For each list i, the grouping unit groups a plurality of symbol sequences f _{i, j} belonging to the list into a plurality of groups G _i (x) (x is a group index) by a predetermined method. Merging unit, the group G _i (x) belonging to a plurality of symbol sequences f _i, representatives from _j symbol sequence f _i, the _x, also the group G _i (x) belonging to a plurality of symbol sequences f _i, the _j The representative importance e _{i, x} is obtained from the corresponding importance e _{i, j} . The model parameter estimation unit estimates the model parameter w from the representative symbol series f _{i, x} , the correct symbol series f _{i, 0,} and the representative importance e _{i, x} .

The information compression type model parameter estimation device according to another aspect of the present invention has an importance e _{i, j} Is assigned and represented by a feature vector _i Symbol series f _{i, j} N lists i (where i is an index of the list, N is an integer of 1 or more, j is an index of a symbol sequence in each i, n _i Is an information compression type model parameter estimation device that estimates a model parameter w, and includes a grouping unit, a merging unit, and a model parameter estimation unit.
For each list i, the grouping unit includes a plurality of symbol sequences f belonging to the list. _{i, j} A plurality of groups G by a predetermined method _i Group into (x) (x is the index of the group). The merging part is group G _i A plurality of symbol sequences f belonging to (x) _{i, j} To representative symbol series f _{i, x} And Group G above _i A plurality of symbol sequences f belonging to (x) _{i, j} Multiple importance e corresponding to _{i, j} To representative importance e _{i, x} For each. The model parameter estimator receives the representative symbol sequence f _{i, x} And the above-mentioned representative importance e _{i, x} From these, the model parameter w is estimated.

According to another aspect of the present invention, there is provided an information compression type model parameter estimation apparatus in which n is represented by a feature vector. _i Symbol series f _{i, j} N lists i (where i is an index of the list, N is an integer of 1 or more, j is an index of a symbol sequence in each i, n _i Is an integer greater than or equal to 4) and the correct symbol sequence f of each list i represented by a feature vector. _{i, 0} Is an information compression model parameter estimation device that estimates the model parameter w, and includes a grouping unit, a merging unit, and a model parameter estimation unit.
For each list i, the grouping unit includes a plurality of symbol sequences f belonging to the list. _{i, j} A plurality of groups G by a predetermined method _i Group into (x) (x is the index of the group). The merging part is group G _i A plurality of symbol sequences f belonging to (x) _{i, j} To representative symbol series f _{i, x} Ask for. The model parameter estimator receives the representative symbol sequence f _{i, x} And the above correct symbol sequence f _{i, 0} From these, the model parameter w is estimated.
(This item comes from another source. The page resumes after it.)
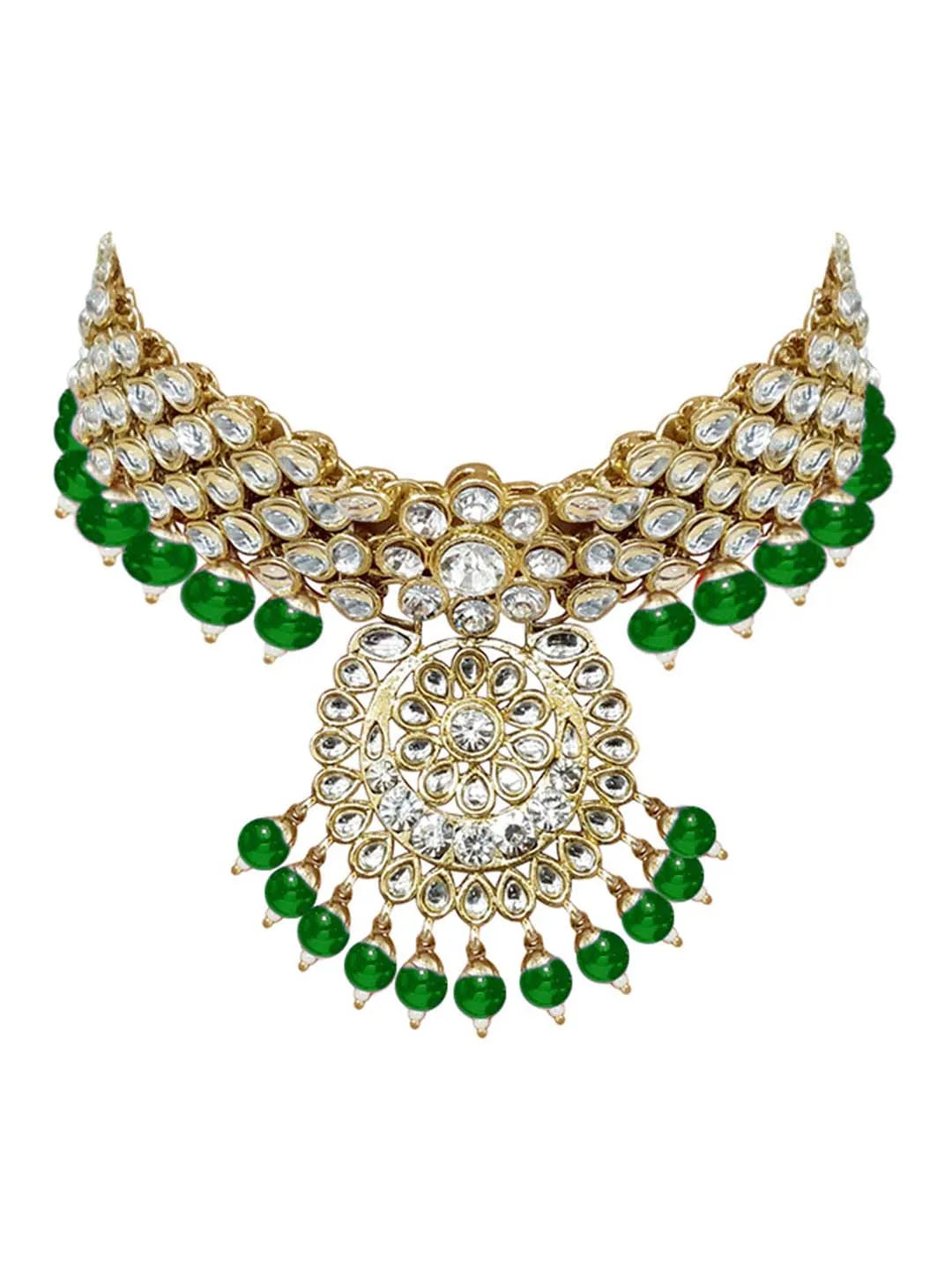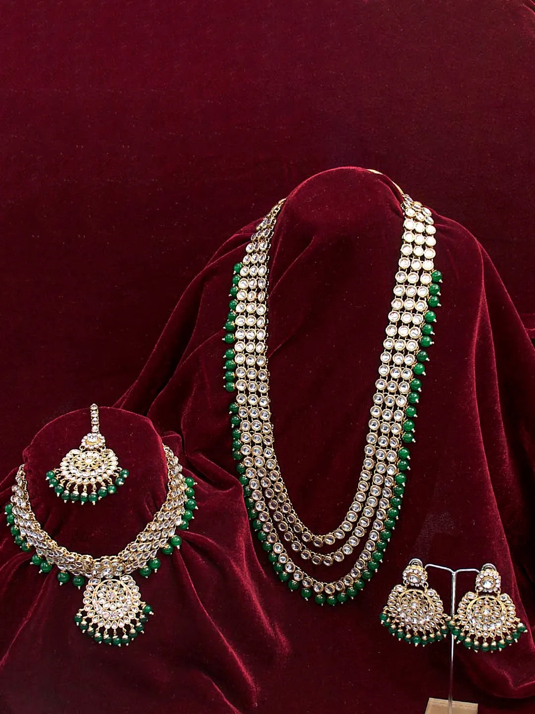 Product Name: Lush Charms Kundan & Beads Bridal Set - Green

  According to the information compression model parameter estimation apparatus, method, and program of the present invention, since it is possible to compress symbol sequence information used for learning while ensuring the same estimation accuracy as in the past, model parameters can be estimated by a general-purpose computer. Processing can be performed.
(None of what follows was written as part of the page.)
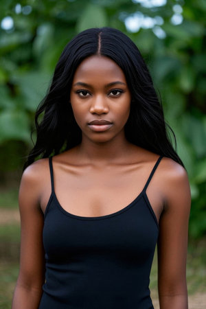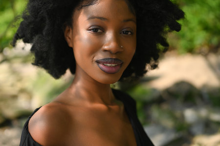 Close up headshot fashion portrait Beautiful young African American Black woman naked shoulders posing outside, sunny summer day green foliage. Facial treatment. Cosmetology, perfect skin care and spa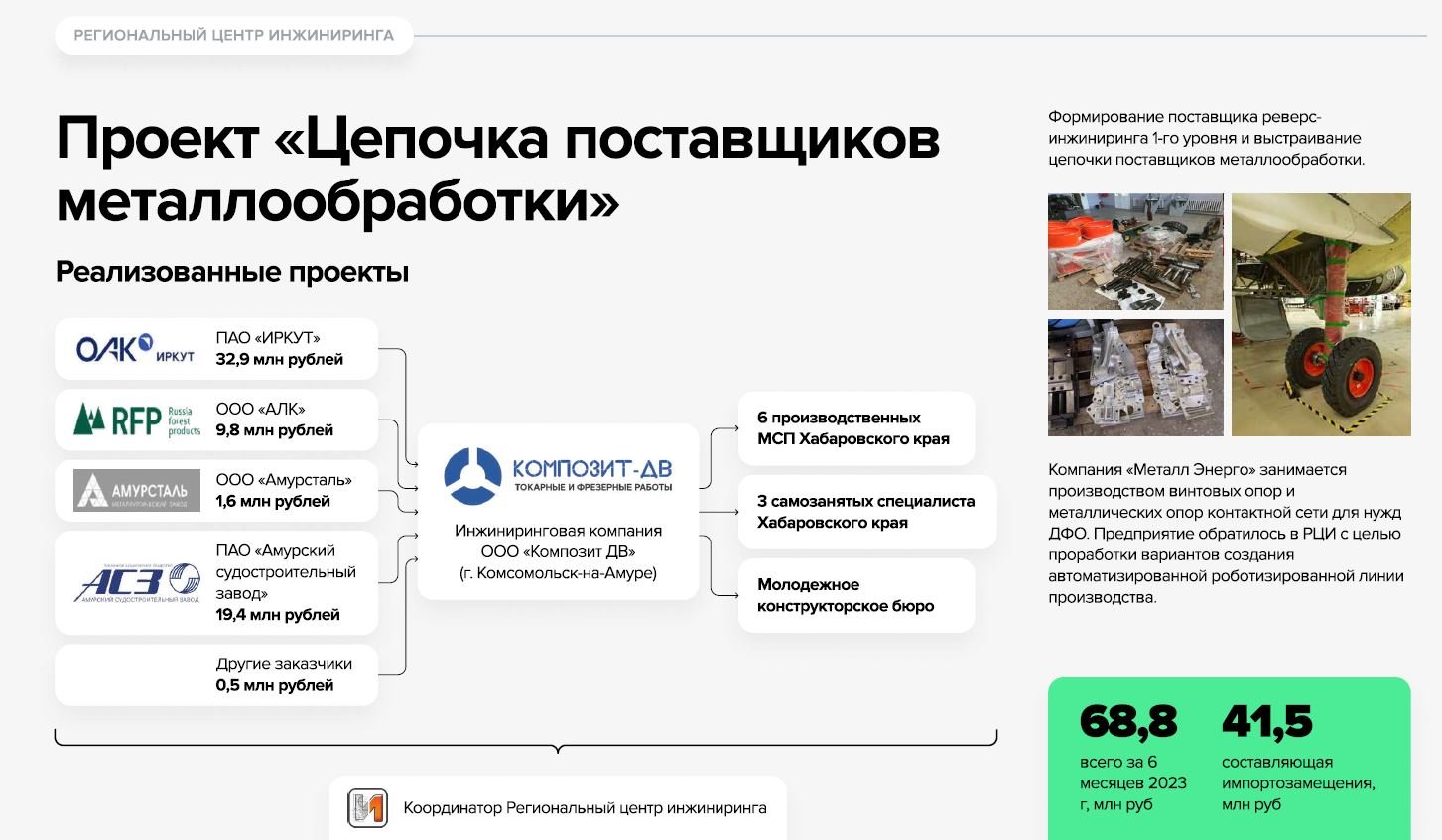 Региональный центр инжиниринга Хабаровского края – это опыт и знания 250 инженеров Дальнего Востока в решении сложных технологических задач предприятий. Их работа обеспечивает технологический суверенитет страны. Проект РЦИ "Формирование поставщика первого уровня для крупных предприятий и выстраивание его цепочки поставщиков" вошел в число лучших практик России. Он был отмечен на всероссийском форуме "Импортозамещение ", в частности "Деловой Россией" и Советом по развитию инжиниринга и промышленного дизайна при Минпромторге России.

The figure which shows the function structural example of the information compression type model parameter estimation apparatus 100. The figure which shows the example of a processing flow of the information compression type model parameter estimation apparatus. The figure which shows the content of each set for learning, development, and evaluation used for verification. The figure which shows the memory size required for data holding. The figure which shows the comparison verification result of the word error rate of this invention at the time of using ELBst method for estimation of a model parameter, and a prior art. The figure which shows the comparison verification result of the word error rate of this invention at the time of using GCLM method for estimation of a model parameter, and a prior art. The figure which shows the comparison verification result of the word error rate of this invention at the time of using MERT method for estimation of a model parameter, and a prior art. The figure which shows the example of the rearrangement process flow of a symbol series. The figure which shows the example of the processing flow of model learning.
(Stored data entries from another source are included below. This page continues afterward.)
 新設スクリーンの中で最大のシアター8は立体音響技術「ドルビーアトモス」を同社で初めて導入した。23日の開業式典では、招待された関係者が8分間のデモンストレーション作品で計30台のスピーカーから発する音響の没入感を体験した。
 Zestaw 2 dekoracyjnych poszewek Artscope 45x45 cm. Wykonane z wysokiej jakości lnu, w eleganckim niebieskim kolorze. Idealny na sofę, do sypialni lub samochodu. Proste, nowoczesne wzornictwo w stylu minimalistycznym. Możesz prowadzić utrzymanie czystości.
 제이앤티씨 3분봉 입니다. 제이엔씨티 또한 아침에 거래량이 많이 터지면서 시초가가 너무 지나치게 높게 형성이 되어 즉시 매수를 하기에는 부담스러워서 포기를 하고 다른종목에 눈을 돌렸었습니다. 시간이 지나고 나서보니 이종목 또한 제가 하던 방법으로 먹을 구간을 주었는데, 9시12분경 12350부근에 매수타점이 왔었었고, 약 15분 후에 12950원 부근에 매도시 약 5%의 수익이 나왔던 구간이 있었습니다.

FIG. 1 shows a functional configuration example of the information compression model parameter estimation apparatus 100 of the present invention, and FIG. 2 shows a processing flow example thereof. The information compression model parameter estimation apparatus 100 includes one or more lists i (i is an index of a list (i), each of which is composed of a plurality of symbol sequences f _{i, j} each assigned an importance e _{i, j} and expressed by a feature vector. = 1, 2,..., N), j is the index of the symbol sequence in each i (j = 1, 2,..., N _i )) and the correct answer for each list i represented by a feature vector. The apparatus receives a symbol sequence f _{i, 0} and estimates and outputs a model parameter w, and includes a grouping unit 101, a merging unit 102, and a model parameter estimation unit 103.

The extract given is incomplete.